> **What is required**
Task for the records below: copy exactly from the first line on, stopping once the line with "hair ornament, red" is copied, and leave out the pictures.

Records from a data source:
BEGIN
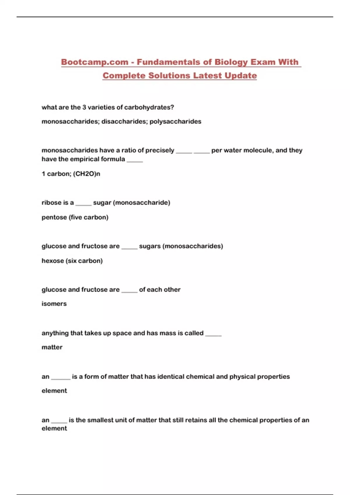 Bootcamp.com - Fundamentals of Biology Exam With Complete Solutions Latest Update
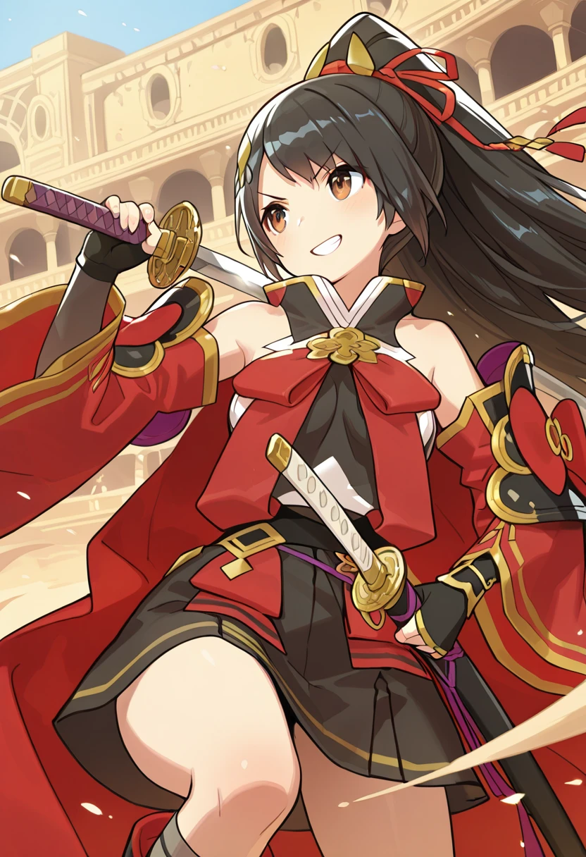 hair ornament, red tie, japanese clothes, black kimono, high collar, short kimono, red bow, gold brooch, detached sleeves, red sleeves, long sleeves, wide sleeves, black arm guards, two-tone gloves, fingerless gloves, black belt, grey socks, knee socks, black boots, knee boots, red boot cuffs,
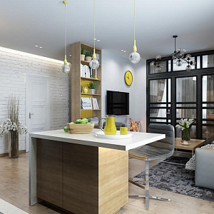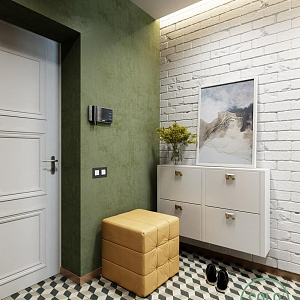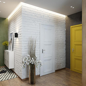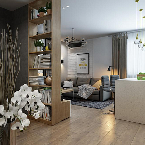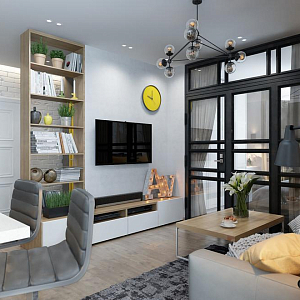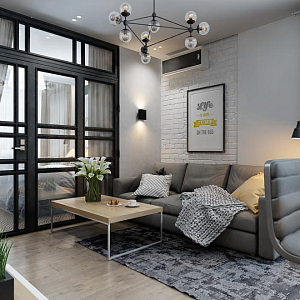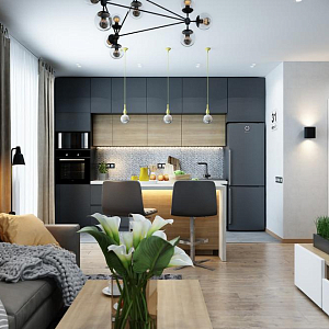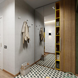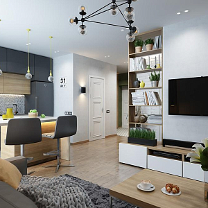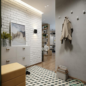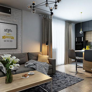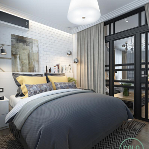 Интерьер спальни с подсветкой настенной, подсветкой светодиодной, с подсветкой, светильниками над кроватью и световыми линиями в скандинавском стиле, проект «Квартира-студия в скандинавском стиле в Новосибирске» №5
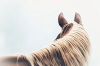 Dit ingetogen portret van een paard, vastgelegd vanuit een unieke achteraanzicht, ademt rust en eenvoud. De zachte, golvende manen vallen gracieus langs de nek, terwijl de oren nieuwsgierig naar voren gericht zijn, alsof het paard aandachtig luistert naar de geluiden om zich heen. Het subtiele kleurenspel en de minimalistische achtergrond benadrukken de serene uitstraling van het beeld. Deze foto is een perfect stuk voor liefhebbers van paardenschoonheid en minimalistische kunst, een tijdloze aanvulling op elk interieur dat rust en verfijning waardeert.
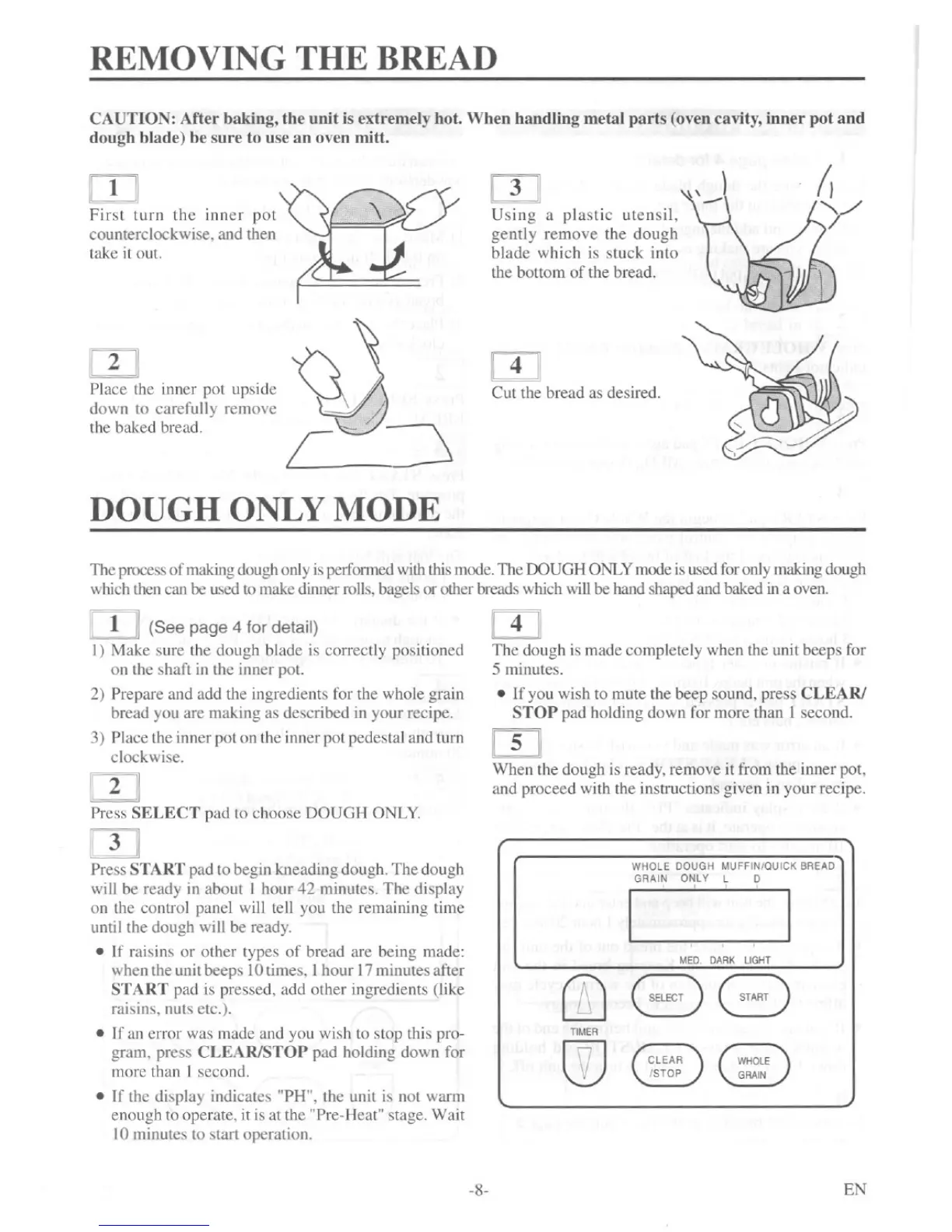 FUNAI B-4400 - Removing the Bread; Dough Only Mode
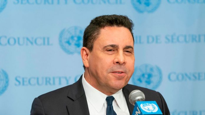 Samuel Moncada, embajador de Venezuela ante la ONU, habla con la prensa en Nueva York, EE.UU., el 28 de febrero de 2019 | Lev Radin / Legion-Media
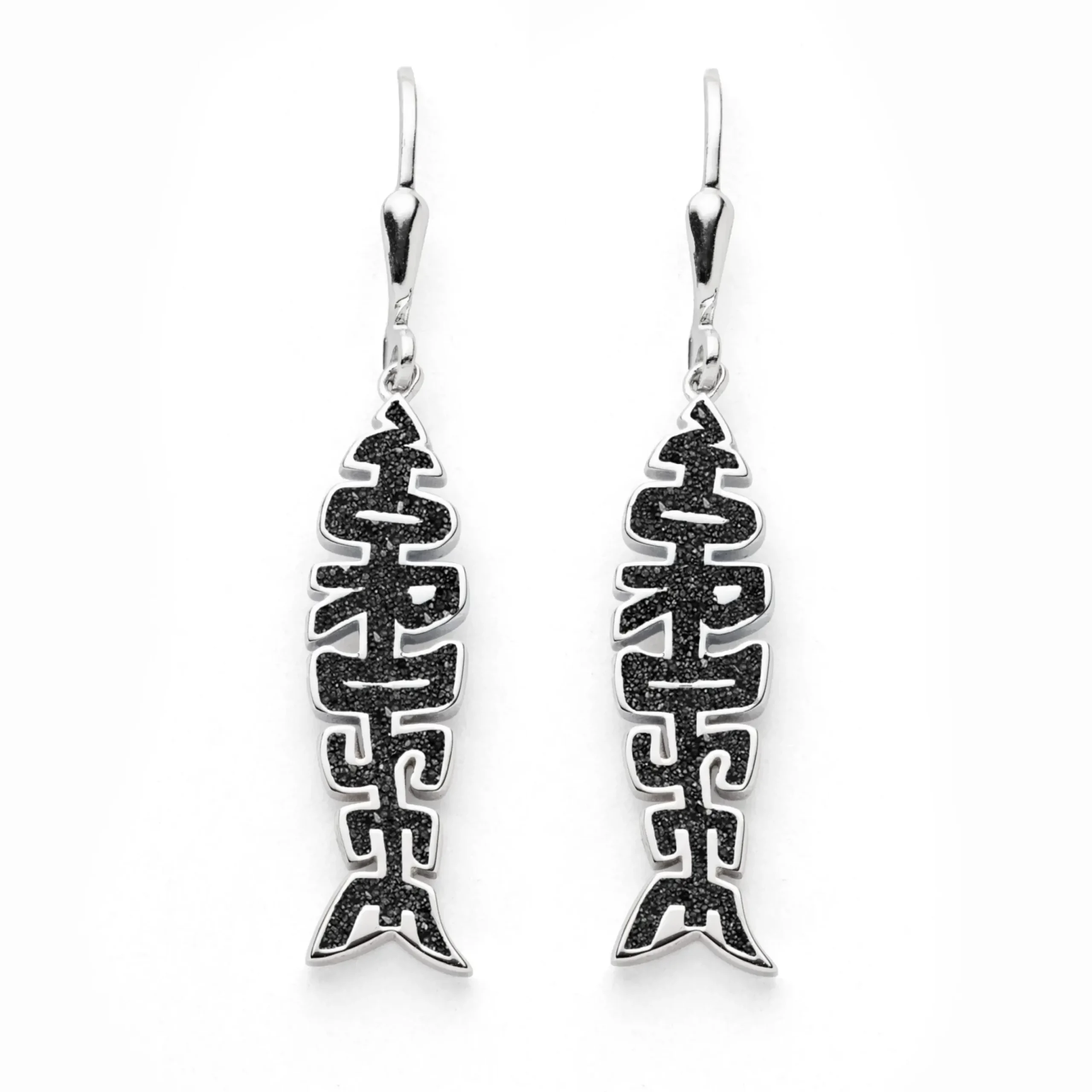Ohrhänger Fischgräte mit „Nordsee“- Schriftzug in Fischform, gefüllt mit Lavasand und alles aus poliertem, rhodiniertem 925er Sterlingsilber.
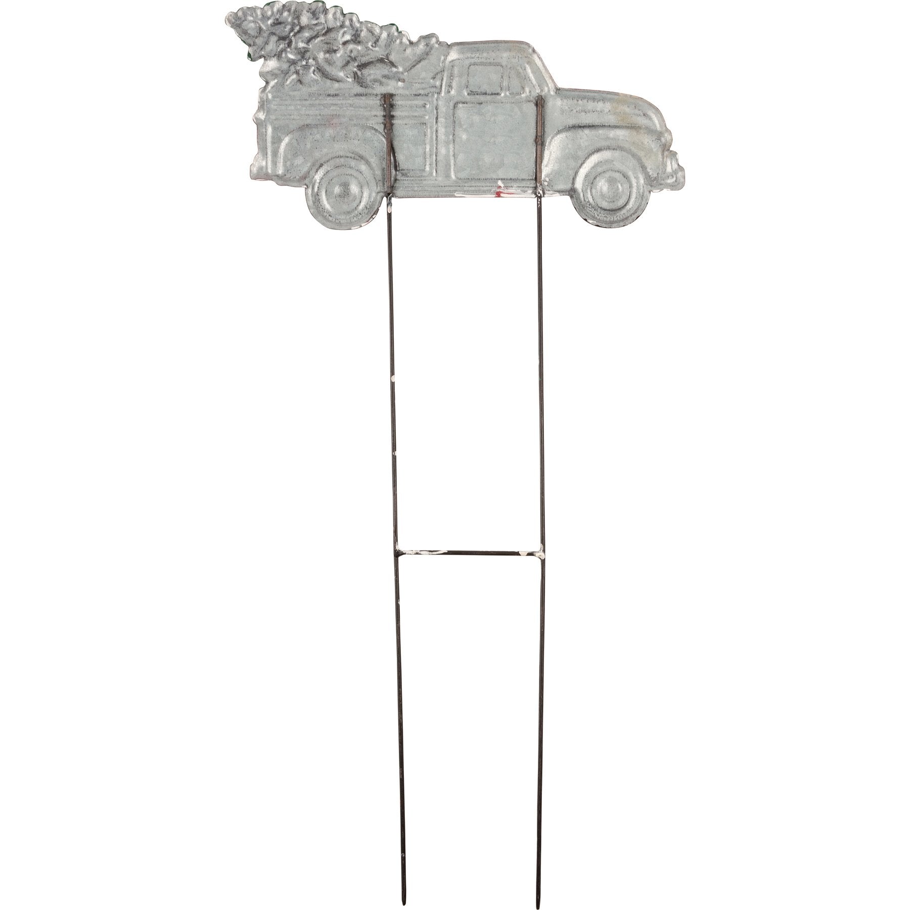 A charming metal garden stake featuring a classic red pickup truck hauling a Christmas tree, complete with embossed detailing for added texture and dimension.
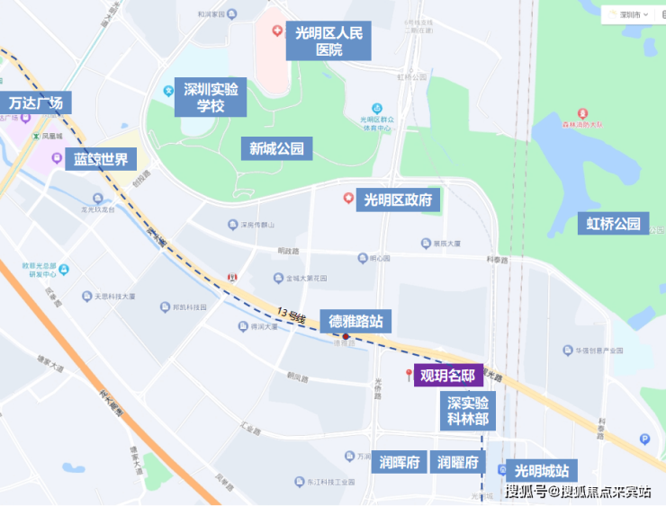 交通配套:观玥名邸家门口200米就是13号地铁线“德雅路站”,以前的同观路站已经改名;最高时速100公里,预计2025年开通运营,1站可到光明城站,换乘6号线/光明城高铁站,3站可到石岩,7站到西丽,8站到留仙洞总部基地,11站到南山高新园。
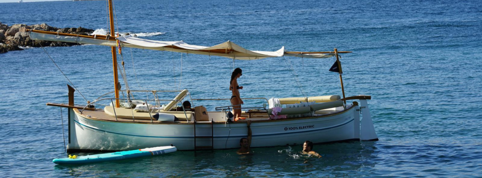Disfruta de la experiencia de navegar con un llaüt eléctrico por las calas de Puerto Portals.
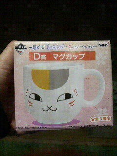 コンビニの一番くじで、ニャンコ先生がでていて、どの商品でもよさげだったので、やってみたらマグカップが当たりました。ひゃっほーい☆
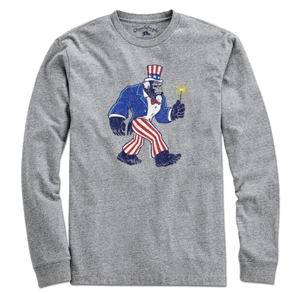 It's elusive, but this mythical creature has been spotted in the vicinity of cookouts and other celebrations, usually in early July. He's attracted to the sound of fireworks, the smell of grills, and anything red white & blue. This July 4th, keep your eyes on the tree line and you might catch a quick glimpse of a red, white, and blue blur, or see a sparkler going deep in the forest. It's Uncle Samsquatch, the most patriotic of all the cryptids. The perfect tee for celebrating your independence in style.
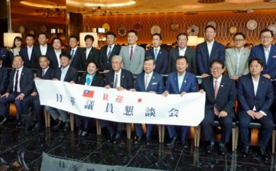 台湾出発を前に、記念写真に納まる超党派の議員連盟「日華議員懇談会」のメンバーら=9日午前、羽田空港
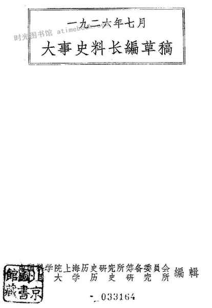 网盘路径:/时光图书馆珍藏系列/书籍文件/老图书/《大事史料长编草稿(一九二六年七月)》电子版合集.db
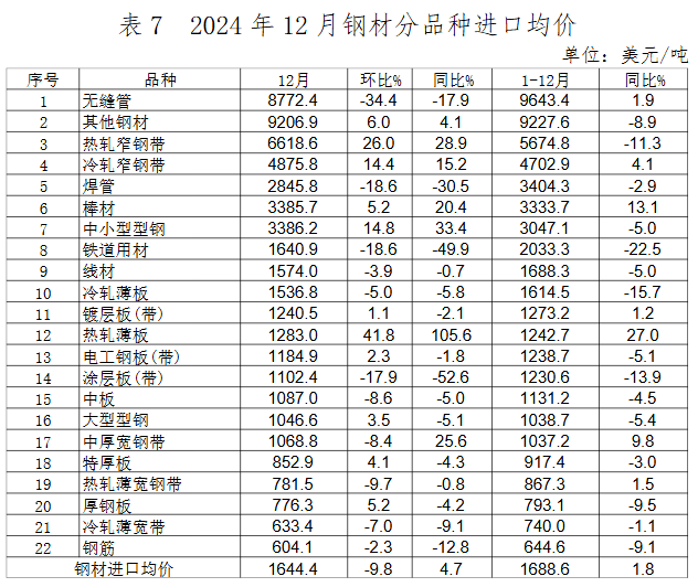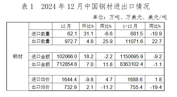 2024年12月,我國(guó)出口鋼材972.7萬(wàn)噸,環(huán)比增長(zhǎng)4.8%,出口均價(jià)732.9美元/噸,環(huán)比小幅回升2.1%。1-12月,我國(guó)累計(jì)出口鋼材11071.6萬(wàn)噸,同比增長(zhǎng)22.7%,出口均價(jià)755.4美元/噸,同比下降19.4%。12月,我國(guó)進(jìn)口鋼材62.1萬(wàn)噸,環(huán)比增長(zhǎng)31.1%,進(jìn)口均價(jià)1644.4美元/噸,環(huán)比下降9.8%。1-12月,我國(guó)累計(jì)進(jìn)口鋼材681.5萬(wàn)噸,同比下降10.9%,進(jìn)口均價(jià)1688.6美元/噸,同比增長(zhǎng)1.8%。
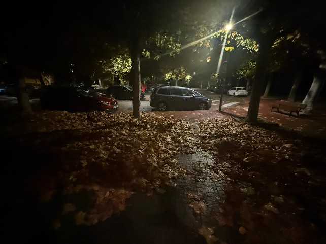 Tal y como se puede apreciar en las fotografías las aceras de la Plaza Dos de Mayo están tapadas por las hojas caídas con el riesgo que supone para los viandantes de sufrir una caída o resbalarse, agravado además por la falta de luz y la lluvia, que hace el piso todavía sea más peligroso.
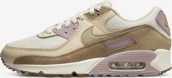 De Nike Air Max 90 in maat 37.5 is voor een gedempt en subtiel uiterlijk, bestaande uit een zeilgaasbasis naast lederen en suède overlays in een mix van tan-, beige- en bruintinten. Andere details zijn de roze contrasterende accenten overal, inclusief de branding. Een Sail-tussenzool en bruine rubberen buitenzool ronden de belangrijkste kenmerken van de sneaker af.
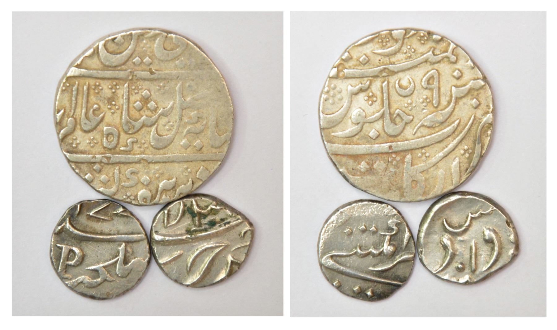 A group of 3 Indo-French, silver coins, 1x rupee, Arkat mint & 2x 1/5 rupee, Phulcheree mint. (3 coins)
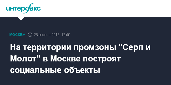 Москва. 28 апреля. INTERFAX.RU - На реорганизуемой территории бывшего завода "Серп и Молот" планируется построить объекты социального назначения. Об этом сообщает пресс-служба департамента градостроительной политики столицы.
END
> **Task result**
 Bootcamp.com - Fundamentals of Biology Exam With Complete Solutions Latest Update
 hair ornament, red tie, japanese clothes, black kimono, high collar, short kimono, red bow, gold brooch, detached sleeves, red sleeves, long sleeves, wide sleeves, black arm guards, two-tone gloves, fingerless gloves, black belt, grey socks, knee socks, black boots, knee boots, red boot cuffs,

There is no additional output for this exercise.